▶ [Brief] Exclude the pictures and transcribe the rest of the data below exactly.

'''

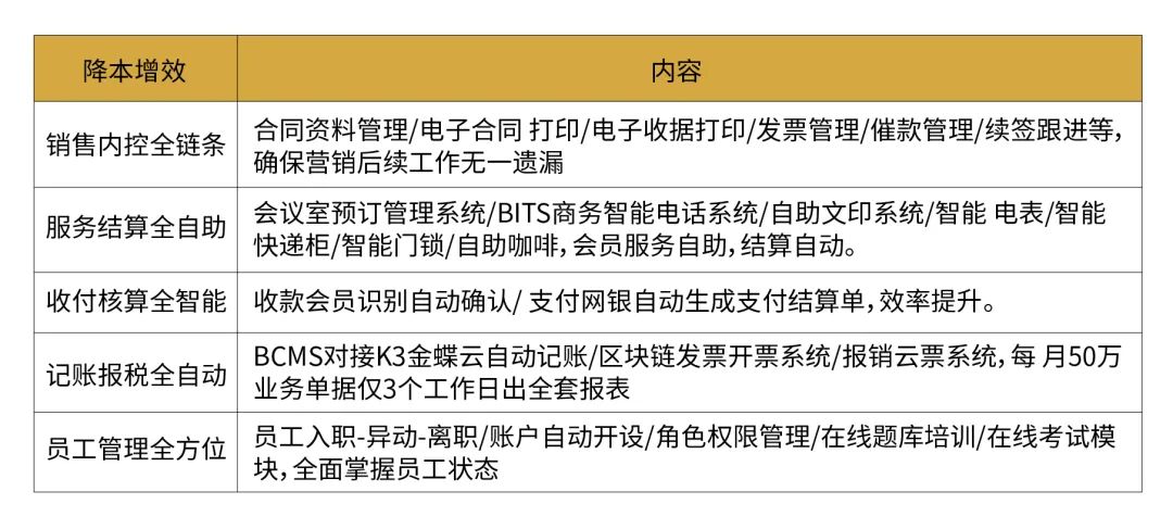 公司披露,已自主研發(fā)應用多層次的信息技術平臺和智能化系統(tǒng),包括BCMS商務中心綜合管理系統(tǒng)、BITS智能秘書接電服務系統(tǒng)、方圓間APP和社群交流平臺、銀企直連自動付款系統(tǒng)、BCMS-CLOUD自動記賬系統(tǒng)等。
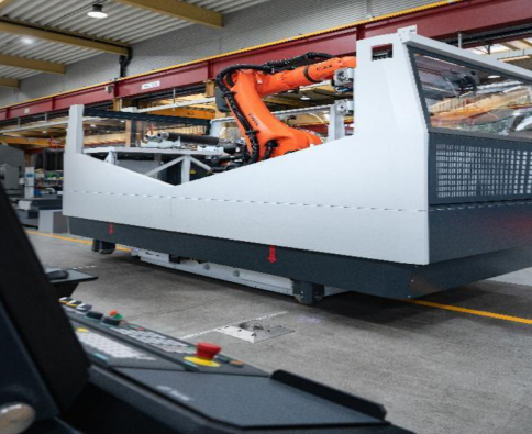 一个大尺寸的自动导引车(AGV),其机器人单元的设计包含了你需要的一切。换句话说,机器人、工件和工具夹持器,以及工件和工具的缓冲位置,还有必要的控制和安全技术。机器可以自由进出。它没有被堵塞或阻挡。
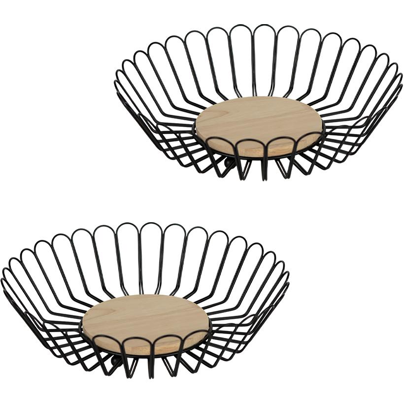 Металева фруктівниця-кошик — практичний аксесуар для кухні або їдальні. Відкрита конструкція забезпечує добру циркуляцію повітря та сприяє довшому збереженню свіжості фруктів. Основа доповнена декоративним дерев’яним кругом, який надає виробу охайного вигляду та захищає поверхню столу. Підходить для фруктів, овочів, солодощів або випічки.
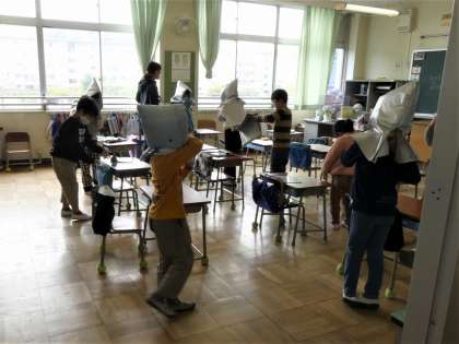 「お・・おさない か・・かけない し・・しゃべらない も・・もどらない」を守って、みんな、じょうずに避難することができました。
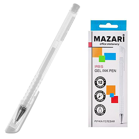 Ручка гелевая " Mazari " Irbis белая 0,8мм рифленый держатель, металлизированный наконечник, стержень 130мм, полупрозрачный пластиковый корпус, картонная упаковка
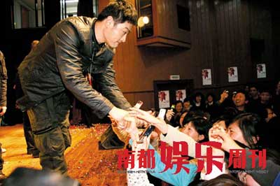 黃維德在舞臺(tái)上盡顯偶像風(fēng)采,中途更深入到群眾中去,和大學(xué)生握手互動(dòng),做男人難,做“小三男”其實(shí)不難。
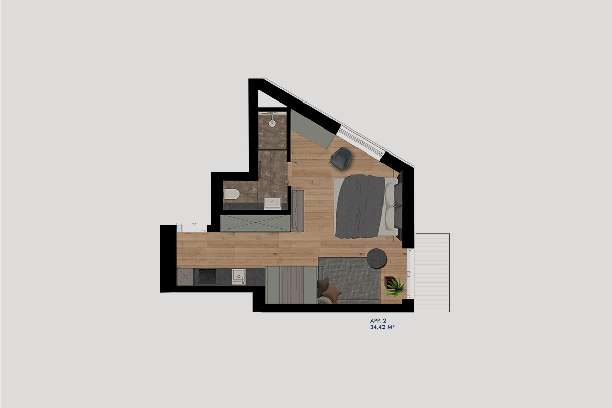 - Modernes, offenes Studio mit hochwertigem Doppelbett

'''

▶ [Problem solution]
 公司披露,已自主研發(fā)應用多層次的信息技術平臺和智能化系統(tǒng),包括BCMS商務中心綜合管理系統(tǒng)、BITS智能秘書接電服務系統(tǒng)、方圓間APP和社群交流平臺、銀企直連自動付款系統(tǒng)、BCMS-CLOUD自動記賬系統(tǒng)等。
 一个大尺寸的自动导引车(AGV),其机器人单元的设计包含了你需要的一切。换句话说,机器人、工件和工具夹持器,以及工件和工具的缓冲位置,还有必要的控制和安全技术。机器可以自由进出。它没有被堵塞或阻挡。
 Металева фруктівниця-кошик — практичний аксесуар для кухні або їдальні. Відкрита конструкція забезпечує добру циркуляцію повітря та сприяє довшому збереженню свіжості фруктів. Основа доповнена декоративним дерев’яним кругом, який надає виробу охайного вигляду та захищає поверхню столу. Підходить для фруктів, овочів, солодощів або випічки.
 「お・・おさない か・・かけない し・・しゃべらない も・・もどらない」を守って、みんな、じょうずに避難することができました。
 Ручка гелевая " Mazari " Irbis белая 0,8мм рифленый держатель, металлизированный наконечник, стержень 130мм, полупрозрачный пластиковый корпус, картонная упаковка
 黃維德在舞臺(tái)上盡顯偶像風(fēng)采,中途更深入到群眾中去,和大學(xué)生握手互動(dòng),做男人難,做“小三男”其實(shí)不難。
 - Modernes, offenes Studio mit hochwertigem Doppelbett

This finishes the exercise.